Assignment ->
Find the line containing "De acuerdo a", then print it and each following line through the end of the records, exactly and with nothing added; leave out any pictures.

Data section ->
---*---

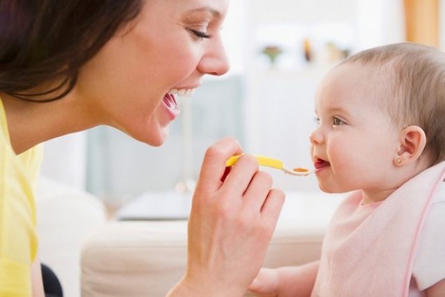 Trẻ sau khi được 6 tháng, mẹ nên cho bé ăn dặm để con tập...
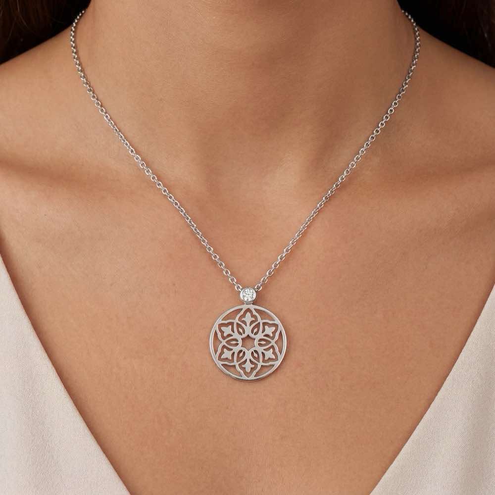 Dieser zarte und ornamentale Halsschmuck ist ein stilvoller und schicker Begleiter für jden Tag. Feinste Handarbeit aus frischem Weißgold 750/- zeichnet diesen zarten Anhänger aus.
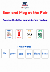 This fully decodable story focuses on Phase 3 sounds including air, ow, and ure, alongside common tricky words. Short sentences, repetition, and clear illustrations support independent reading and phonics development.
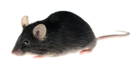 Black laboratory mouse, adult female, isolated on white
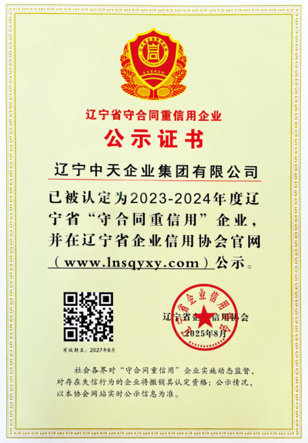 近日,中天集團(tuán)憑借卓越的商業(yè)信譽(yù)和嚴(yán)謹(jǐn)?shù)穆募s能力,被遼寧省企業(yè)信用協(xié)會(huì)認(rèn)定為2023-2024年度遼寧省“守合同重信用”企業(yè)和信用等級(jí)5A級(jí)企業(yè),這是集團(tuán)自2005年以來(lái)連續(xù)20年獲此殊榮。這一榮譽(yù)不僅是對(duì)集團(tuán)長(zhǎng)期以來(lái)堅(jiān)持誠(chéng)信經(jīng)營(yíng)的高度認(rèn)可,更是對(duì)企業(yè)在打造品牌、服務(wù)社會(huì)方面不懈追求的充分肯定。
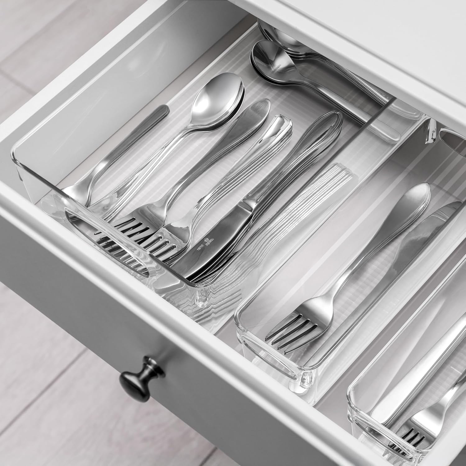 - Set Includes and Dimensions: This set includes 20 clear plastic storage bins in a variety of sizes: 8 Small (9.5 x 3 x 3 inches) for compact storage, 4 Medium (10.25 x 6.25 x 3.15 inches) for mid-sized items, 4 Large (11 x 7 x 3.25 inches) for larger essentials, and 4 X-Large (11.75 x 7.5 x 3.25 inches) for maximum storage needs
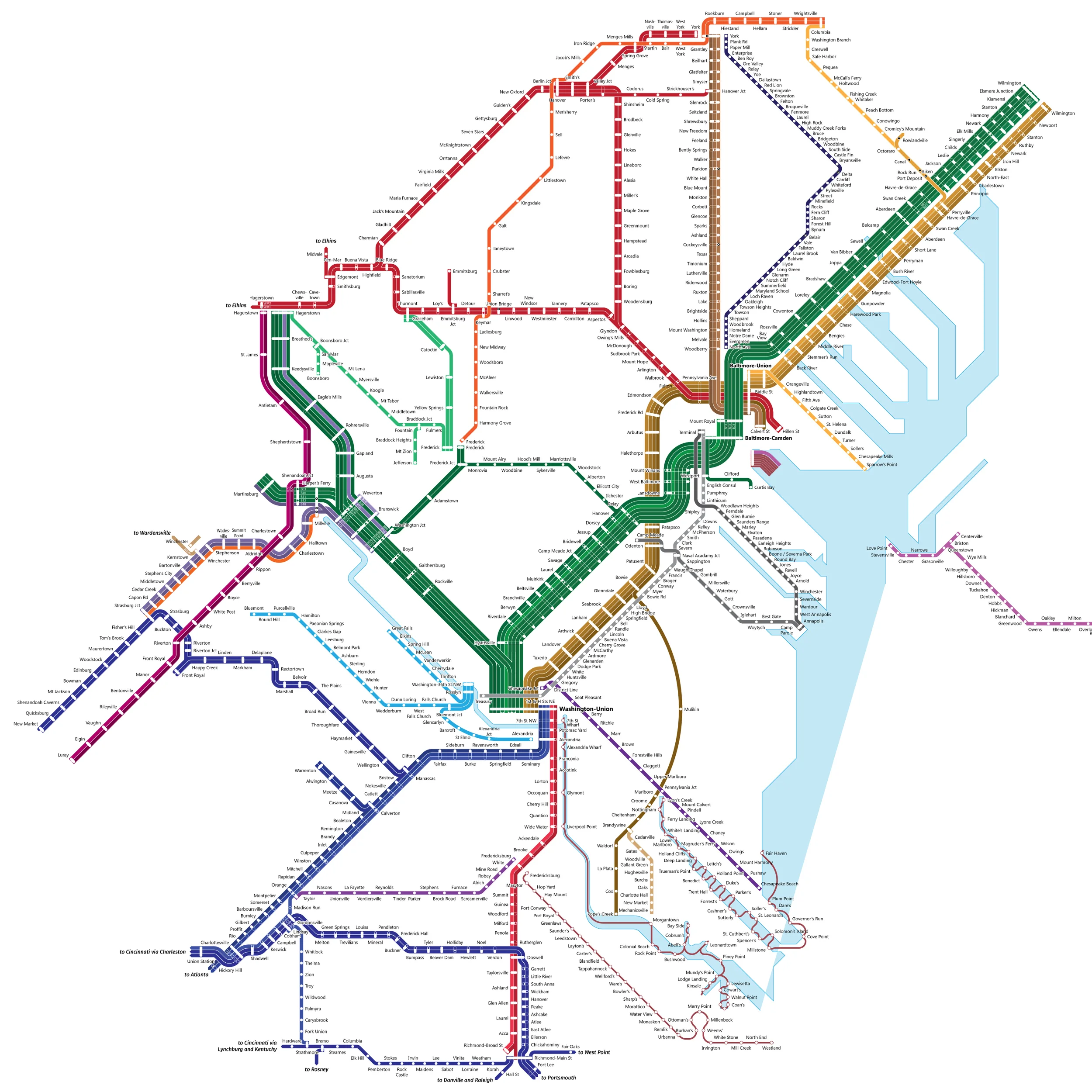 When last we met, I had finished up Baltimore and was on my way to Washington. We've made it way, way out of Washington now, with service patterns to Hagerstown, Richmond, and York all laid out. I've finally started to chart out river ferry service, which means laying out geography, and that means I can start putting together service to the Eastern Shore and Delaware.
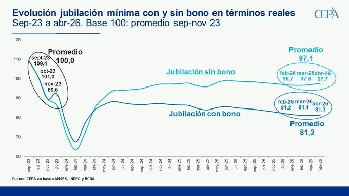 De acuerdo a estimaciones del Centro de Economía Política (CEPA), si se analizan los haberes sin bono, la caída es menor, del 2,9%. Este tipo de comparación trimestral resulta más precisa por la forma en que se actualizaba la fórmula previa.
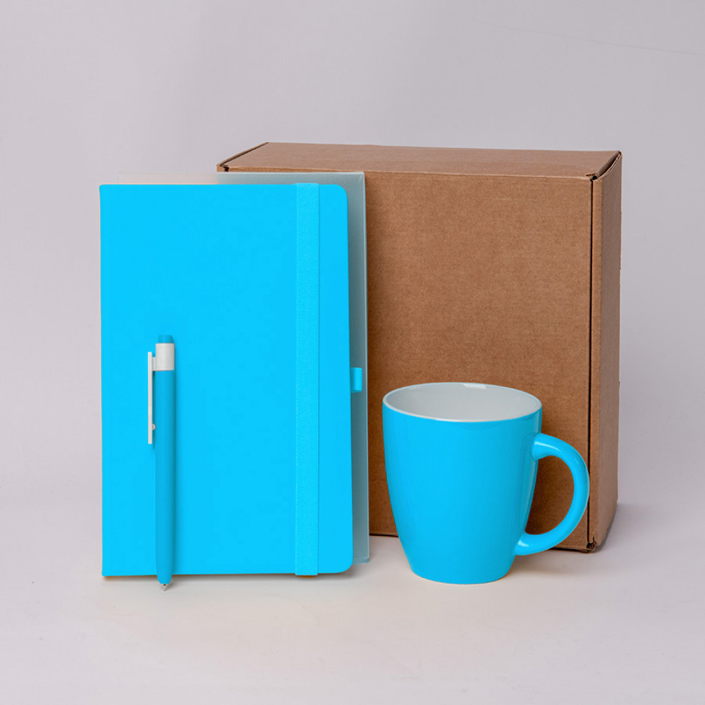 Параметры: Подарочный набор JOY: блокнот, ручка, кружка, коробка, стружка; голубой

---*---

Reply ->
 De acuerdo a estimaciones del Centro de Economía Política (CEPA), si se analizan los haberes sin bono, la caída es menor, del 2,9%. Este tipo de comparación trimestral resulta más precisa por la forma en que se actualizaba la fórmula previa.
 Параметры: Подарочный набор JOY: блокнот, ручка, кружка, коробка, стружка; голубой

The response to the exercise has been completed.